Discipline

Is yelling at your kids as bad as spanking?

Research claiming yelling at kids is as harmful as hitting or spanking has many parents worried. Learn about the long-term effects for your family.

By Lisa van de Geyn

Is yelling at your kids as bad as spanking?

Photo: Stocksy

Rachel Hudson* has a confession: like many of us, she yells at her kids. It’s not that she enjoys hollering at them, but when her sons, five-year-old Kirk* and two-year-old Will*, misbehave, her patience wears thin. Frustration takes over and next thing she knows, she’s shouting.

“I yell if I have to ask for something to be done more than four or five times, and when we’re running late and Kirk won’t get dressed. I yell at dinner when he’s being picky. I yell when Kirk disrupts Will’s nap,” the Toronto mom says. “I rarely shout at Will, but when I do, it’s because he’s pulling the cat’s tail, trying to ride our 70-pound dog, hitting his brother or climbing on something unsafe.” Ironically, Hudson also yells at her boys when they’re—yep—yelling at each other. Sound familiar? I’ll admit it’s a common scene at my house, too.

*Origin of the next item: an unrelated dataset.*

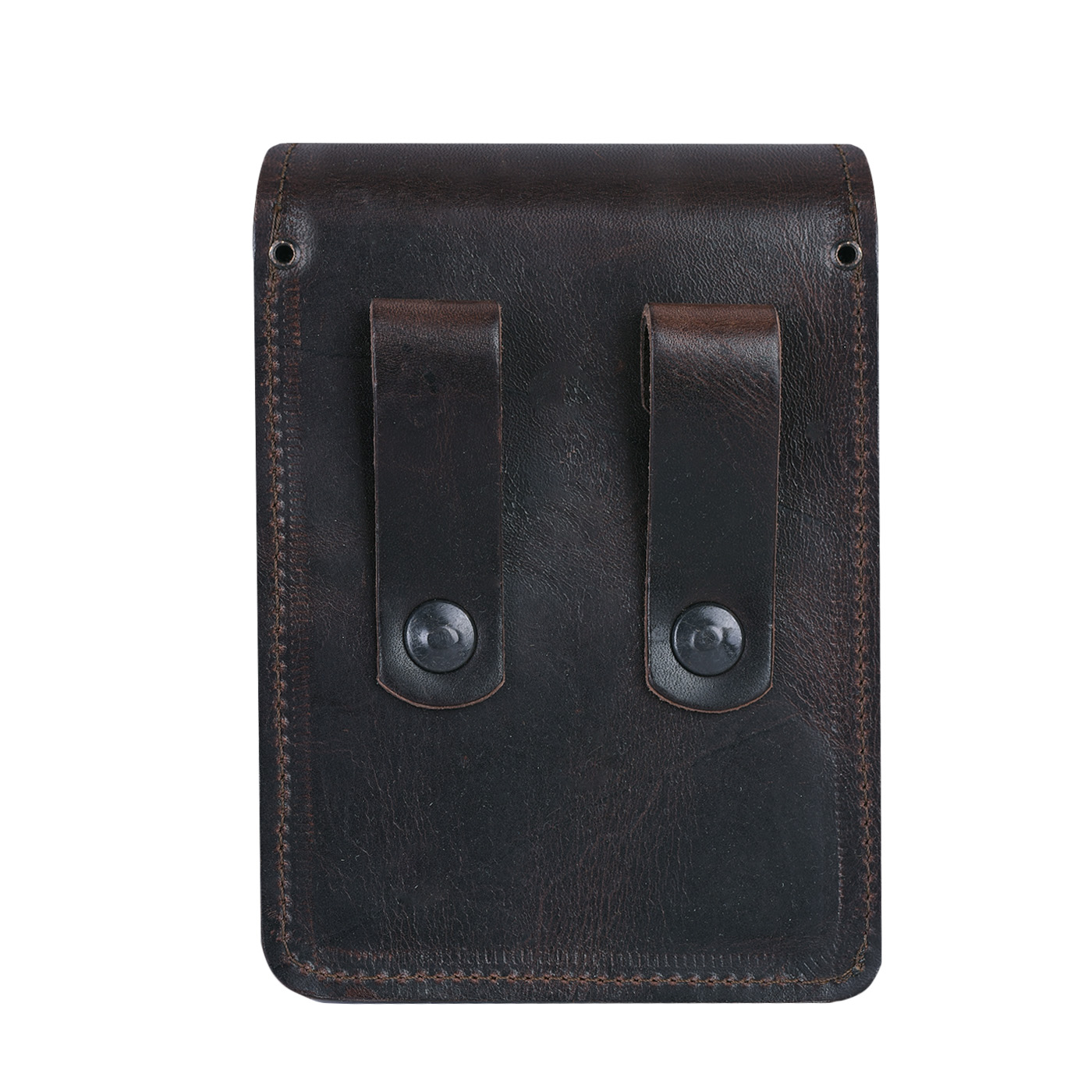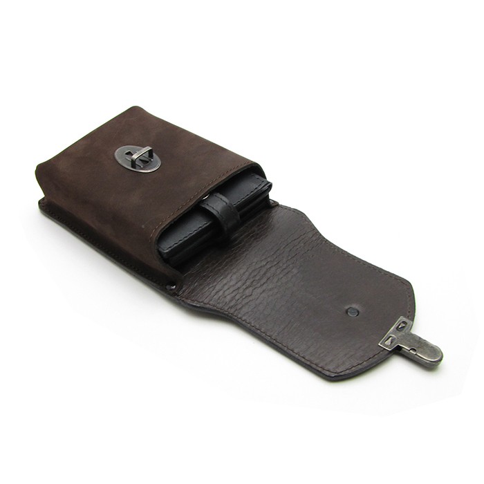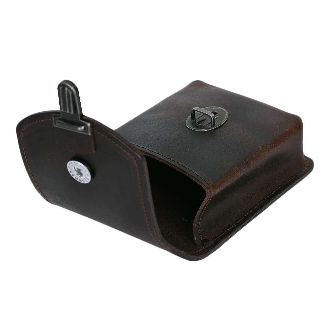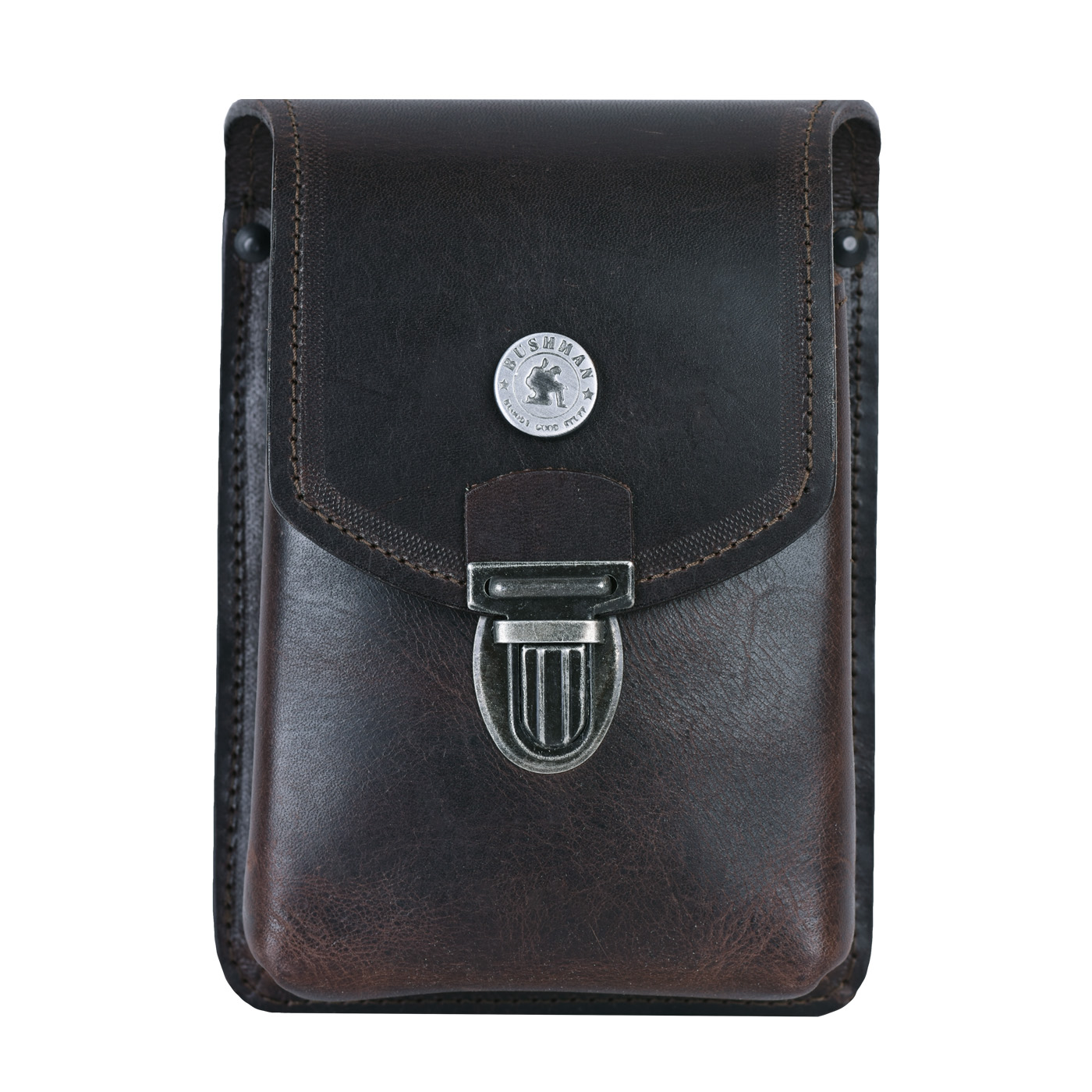 Materiál broušená hovězinová useň, Aktovkový zámek pro zavírání, Odlitek loga Bushman, Rozměr 145 x 100 x 45 mm, Uchycení k opasku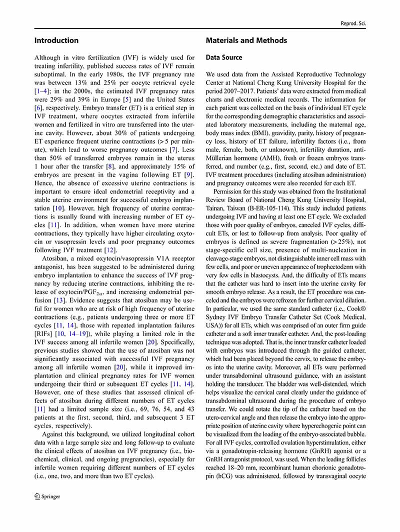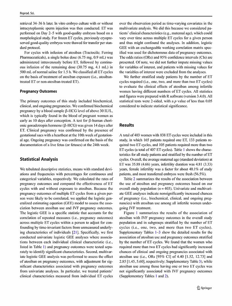 目的:我們評估了在體外受精(IVF)治療后,接受不同胚胎移植(ET)周期(即單個(gè)、兩個(gè)和兩個(gè)以上胚胎移植周期)的不孕婦女使用阿托西班對妊娠結局的影響。

In 2014, the journal Child Development published some headline-grabbing research with an alarmist message: Yelling at your kids can be just as bad as corporal punishment, and it could cause behaviour problems and emotional development issues. Even Dr. Phil went on the morning shows to tell parents to turn down the volume, because, he said, yelling will just cause your kids to go into “shutdown mode.” According to the study, researchers at the University of Pittsburgh in Pennsylvania and the University of Michigan in Ann Arbor determined that severe verbal discipline from parents is particularly destructive to tweens and teens. Adolescents whose parents had been using yelling as a discipline method were more likely to have behavioural issues and to act out (including with vandalism and violence). The effects of frequent verbal discipline and insults were comparable to those of physical discipline (like spanking and hitting) over the course of the two-year study.

This topic has long been explored by child psychologists. A study published back in 2003 in the Journal of Marriage and Family found that in families where there’s 25 or more yelling incidents in 12 months, children can end up with lowered self-esteem, an increase in aggression toward others and higher rates of depression. In these families, the researchers noted that the kind of yelling categorized as verbal or emotional abuse is more than simply shouting at your kids. It’s a constant form of “psychological aggression,” and often escalates to insults or words of humiliation. Considering how often parents can lose their temper—for some of us, it’s way more than twice a month—these findings are good reason to cut out the bad communication habits now, before our kids reach their teen years.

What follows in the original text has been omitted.